For an in-depth look at the vaccine controversy, I recommend Dr. Sherri Tenpenny’s DVD, Vaccines: The Risks, the Benefits, the Choices (www.nmaseminars.com or 800-771-2147). The DVD is lengthy but packed with well-documented information gleaned mainly from the Centers for Disease Control and Prevention and mainstream medical journals.
Denise Flowers
Powell, Wyoming
No Diversity Jive
I went with my veterans group to Vietnam. I went to Mass in both Ho Chi Minh City (Saigon) and Hue. About eight percent of the country is Catholic.

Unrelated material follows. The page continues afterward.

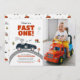 Din baby är snabb! Vänner och familj i inbjudan till en roligt på första födelsedag party med den här roligten vintage bilar och djur illustrerar inbjudan till temat.

But there’s no Catholic diversity jive in Vietnam!
Richard Vannucci
Castro Valley, California
Pat Toomey's Revenge
I read your New Oxford Note “What Happened to Rick Santorum?” (Jan. 2007) with interest. One significant factor was when prolife Pat Toomey challenged pro-abortion Sen. Arlen Specter in the Republican primary in 2004. Toomey had a good chance of winning. But President George W. Bush, with Sen. Rick Santorum in tow, stumped the state on behalf of the awful Specter. In one commercial Santorum really offended prolifers when he said, “Senator Specter votes with us when it really matters.” Really? Toomey lost by one percent, and the loss was attributed to Bush and Santorum.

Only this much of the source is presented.